Comparable situations can be made with Nigeria and Mali. Both countries suffered Islamist attacks, and their response was so slow that the violence quickly spread to other nations. For example, in Mali in 2012, Al-Qaida-linked rebels Ansar Dine conducted military attacks. But because Mali was slow to respond, the violence quickly spread to Burkina Faso and other regional neighbours. A considerable fear is that Mozambique’s insurgency difficulties could become similar to the Boko Haram insurgency in Northern Nigeria. This insurgency has gone on to severely disrupt Nigeria’s neighbours’ security. 

Mozambique is a developing country and has still not recovered from the civil war that ran from 1977 to 1992. In February of this year, the escalation of violence prompted Mozambican President Filipe Nyusi to call for assistance from the SADC. However, aside from Tanzania, the SADC has been slow to respond. Many members of the government are consumed with managing the coronavirus and cannot spend more on military expenditure. A solution to the insurgency requires a muscular response from other members of the SADC and the international community, such as the UN and African Union to stem the tide. 
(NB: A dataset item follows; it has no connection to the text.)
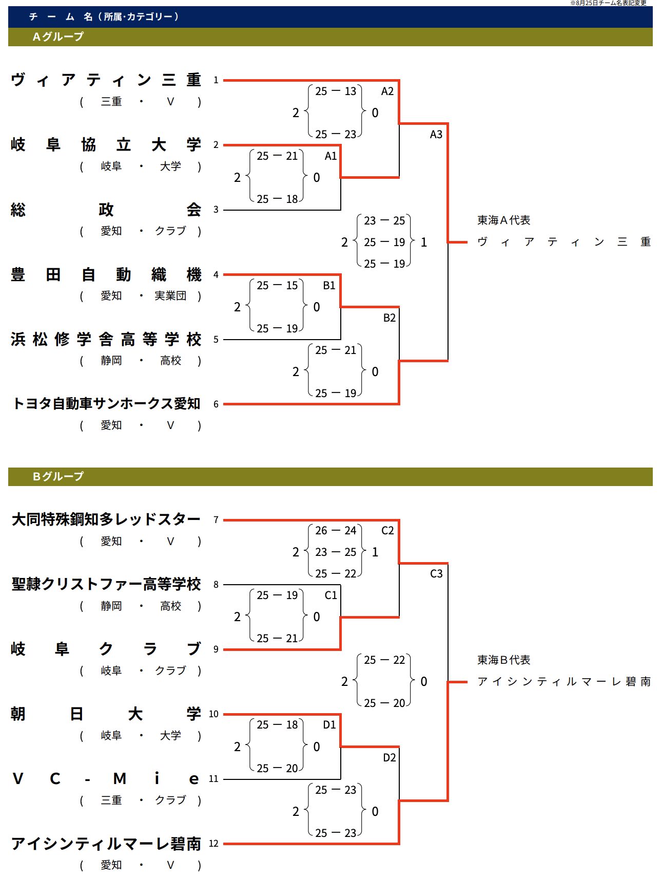 | 岐阜協立大学 (岐阜/大学) | 2 | 25-21 25-18 | 0 | 総政会 (愛知/クラブ) |
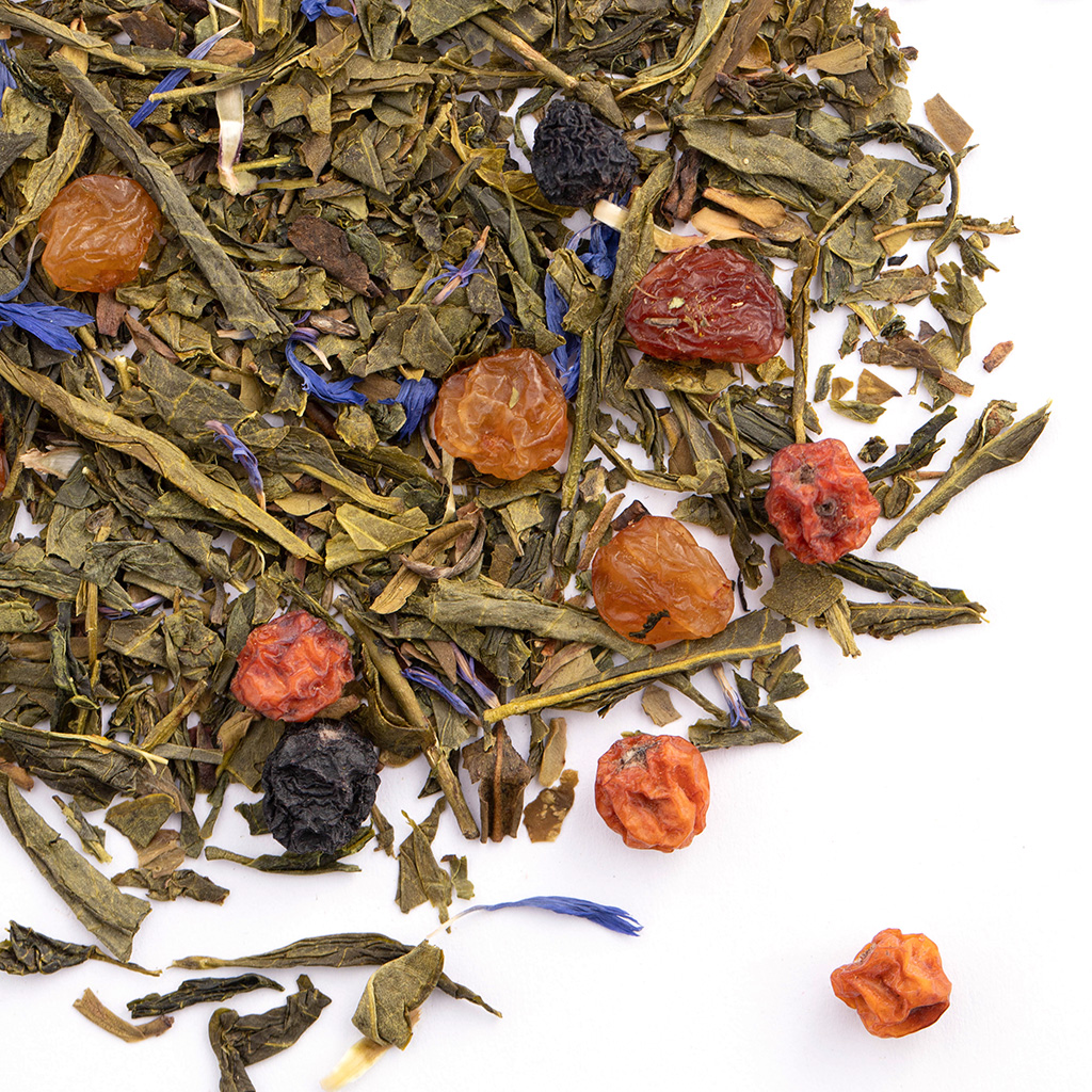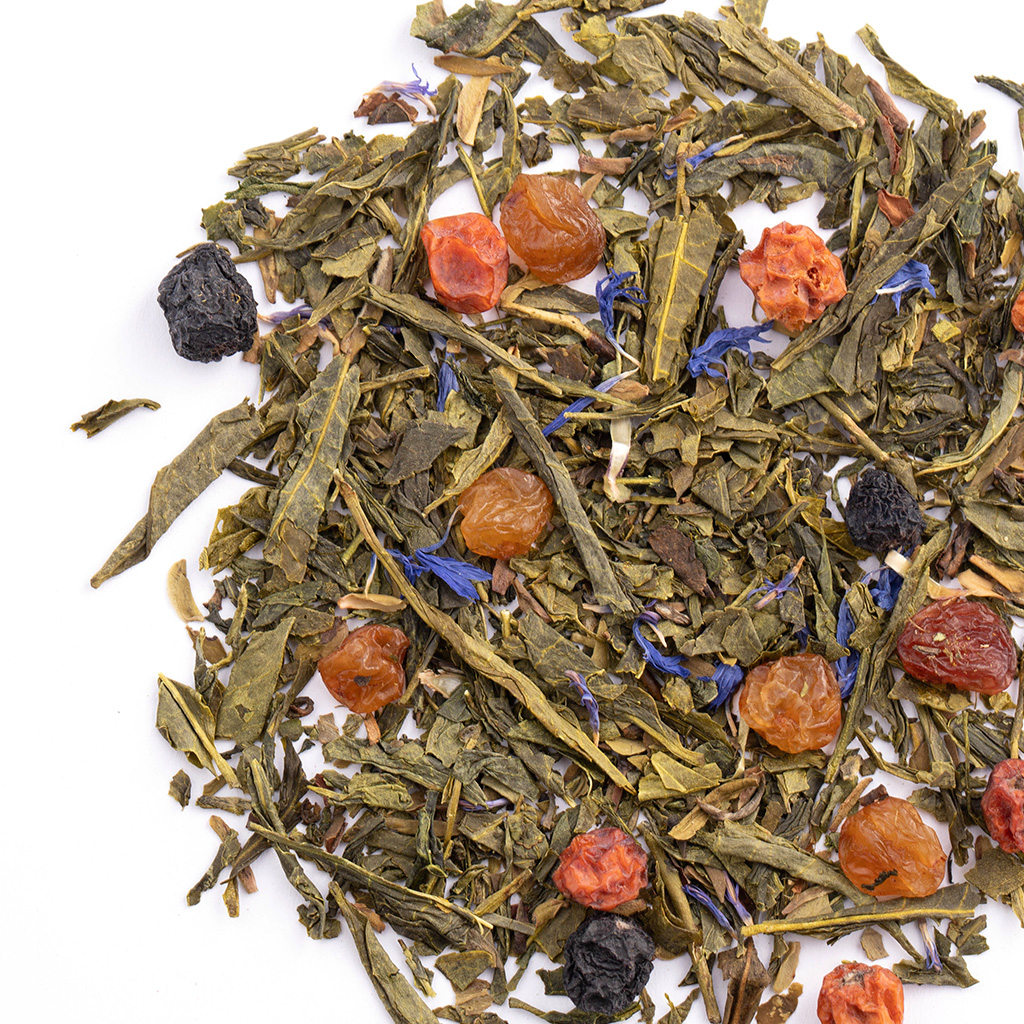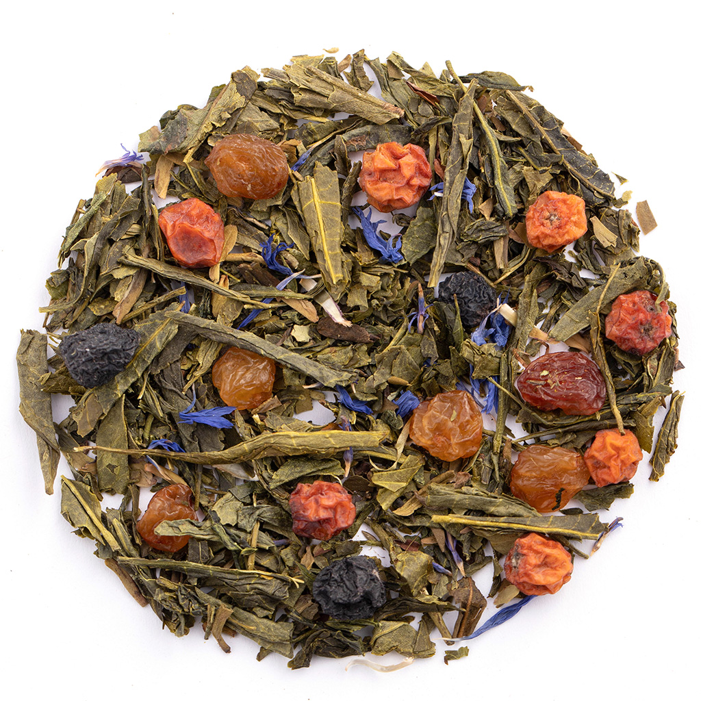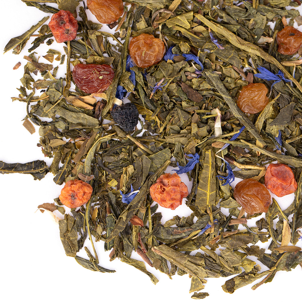 Состав: чай зеленый китайский, изюм, красная рябина, плоды аронии, лепестки василька, аромат фруктового джема

However, the immediate military problem exists separate from the more deep-seated development problems in Cabo Delgado. Ultimately the root cause is a lack of jobs and development as the region has been neglected since the 1970s. Human rights campaigner David Matsinhe said that in the absence of government services, people had lost access to the land they relied on for food, shelter and income. What is more, people are deemed unqualified for jobs in the new industries, such as mining and gas extraction, that tap the region’s mineral wealth. 

Seizure of Mocimboa de Praia

In August 2020, militants linked to Islamic State seized the heavily defended port Mocimboa da Praia in the Cabo Delgado region. Mocimboa da Praia is close to the site of natural gas projects worth $60m. During the attack, Mozambique security forces were low on ammunition and abandoned the town by boat. In the same week, IS claimed that it had taken over two military bases near Mocimboa da Praia, killed Mozambique soldiers and captured weaponry, including machine guns. 

A real test for the strength of the insurgency would be whether they consider themselves equipped enough to hold onto the strategically important town. If they do, it will point towards the insurgency’s confidence and availability of soldiers, supplies, and appetite for risk. 

The recent intensification of the conflict this year is a worrying development and increases the volume of potential risks. Not only to Mozambique but to its neighbours in the region as well.